Le règlement intérieur d’une association ou d’un club non affilié à une fédération sportive peut prévoir la transmission par l’adhérent d’un auto‑questionnaire médical.
Le fait d’exiger de l’adhérent, ou de l’encourager à obtenir d’un médecin un tel certificat médical est passible d’une amende administrative de 500 euros.
Article 9
Après l’article L. 146‑8 du code de l’action sociale et des familles, il est inséré un article L. 146‑8‑1 ainsi rédigé :
« Art. L. 146‑8‑1. – Dans le cadre d’une demande de renouvellement de la prestation de compensation mentionnée à l’article L. 245‑1, la maison départementale des personnes handicapées ne peut solliciter la remise d’un certificat médical.

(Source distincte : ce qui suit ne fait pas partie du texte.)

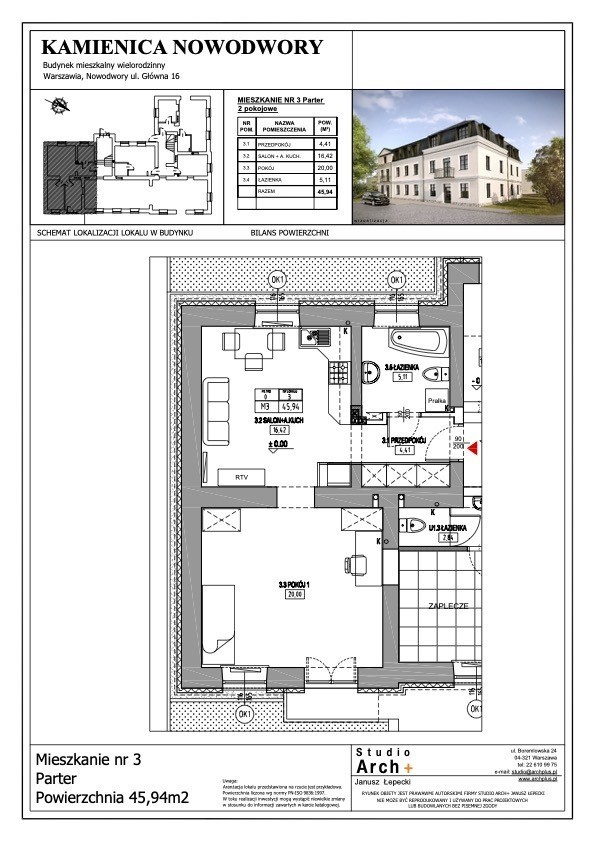 i lokal mieszkalny o pow. 26 m2 (wejście z klatki schodowej od strony patio).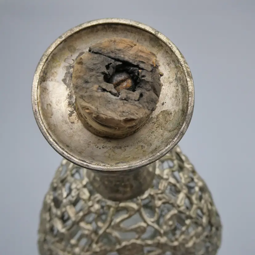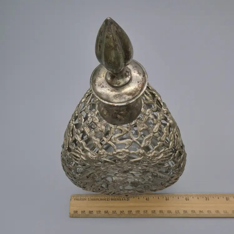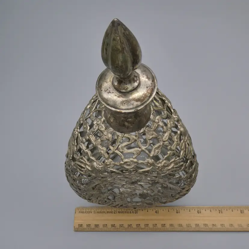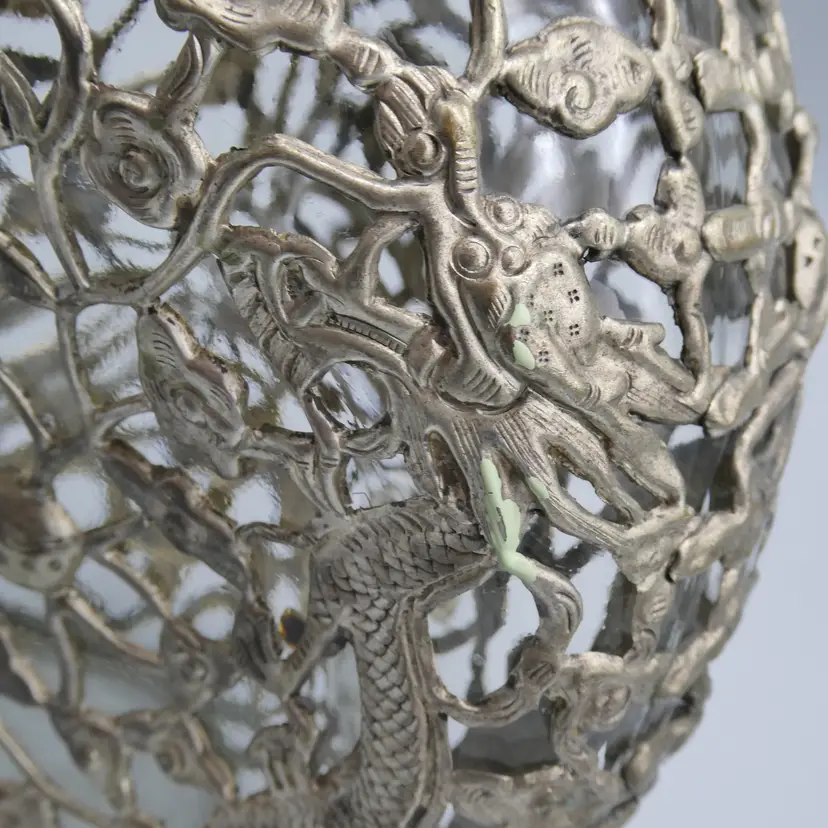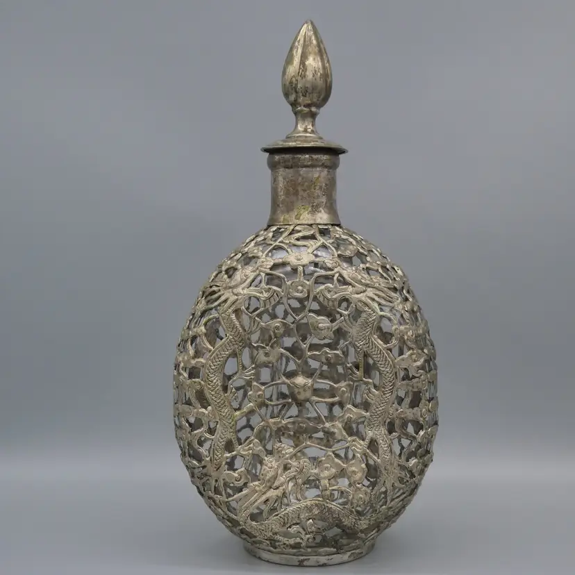 I picked this beauty out in the wild while in Sweden Design depicts Chinese dragons chasing flaming pearls (symbolizes wisdom and power) Pinched clear glass decanter is ornately caged in a silver on copper overlay Finial stopper with a cork About a 1 liter / 4 cup capacity Dates around the 1950s Unmarked Measures overall about 11" tall including stopper x 5" wide Measures about 8-3/8" tall without stopper Weighs about 1 pound 12 ounces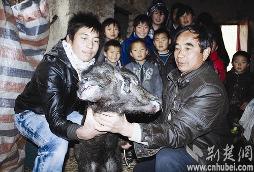 27歲母水牛產(chǎn)下雙頭犢 頭太重?zé)o法正常吃奶 楚天都市報(bào)訊(記者 王進(jìn)良 特約記者 杜青 通訊員 宋俊初)一頭剛出生的水牛犢,竟然長(zhǎng)了兩個(gè)腦袋。前日,記者在孝昌縣季店鄉(xiāng)聯(lián)合村村民姚家華家,見(jiàn)到這樣一頭出生不久的“怪牛”。 這頭剛出生兩天的黑牛犢,毛色光鮮,兩個(gè)腦袋呈“丫”字型,兩張嘴巴也比較完整,每個(gè)小腦袋上都長(zhǎng)著兩只眼睛。最奇特的是,兩個(gè)腦袋左右各長(zhǎng)一只耳朵,中間“共用”一只,共有三只耳朵,讓人看了感覺(jué)有些怪怪的。 姚家華介紹,這頭牛犢剛出生時(shí),因?yàn)轭^太重了,不能正常站立,無(wú)法正常吃奶,家里人只能用奶瓶裝牛奶喂它,而每當(dāng)向它這邊喂奶時(shí),牛奶往往會(huì)從另一邊的嘴里滲出。27歲的母牛先后產(chǎn)下過(guò)17只牛犢,之前并無(wú)異常。 據(jù)孝昌縣畜牧局工作人員介紹,“雙頭牛”是胚胎發(fā)育畸形而導(dǎo)致的連體牛,出現(xiàn)這種原因很可能與牛主人對(duì)母牛的放養(yǎng)習(xí)慣有關(guān),應(yīng)該是母牛懷孕期間營(yíng)養(yǎng)不足或者是吃到不健康植物所致。這種牛犢很難長(zhǎng)大。

« La demande doit être formulée au moyen d’un formulaire dont le modèle est fixé par arrêté du ministre. Ce formulaire est accessible aux personnes handicapées et proposé en langue française facile à lire et à comprendre. »
Article 10
Dans un délai de trois mois à compter de la promulgation de la présente loi, le Gouvernement remet au Parlement un rapport portant sur les certificats médicaux inutiles. Il en propose une liste et étudie dans quelle mesure leur suppression pourrait participer à réduire les tâches administratives des médecins et à libérer du temps médical.
Ce rapport dresse un état des lieux des certificats illégaux faisant l’objet de demandes récurrentes, notamment de la part de directions d’établissements accueillant des enfants, d’employeurs ou d’assureurs. Il présente des mesures permettant de faire cesser ces demandes, y compris des sanctions lorsqu’elles émanent d’acteurs du secteur privé lucratif.
Article 11
I. – La charge pour l’État est compensée à due concurrence par la création d’une taxe additionnelle à l’accise sur les tabacs prévue au chapitre IV du titre Ier du livre III du code des impositions sur les biens et services.
II. – La charge pour les organismes de sécurité sociale est compensée à due concurrence par la majoration de l’accise sur les tabacs prévue au chapitre IV du titre Ier du livre III du code des impositions sur les biens et services.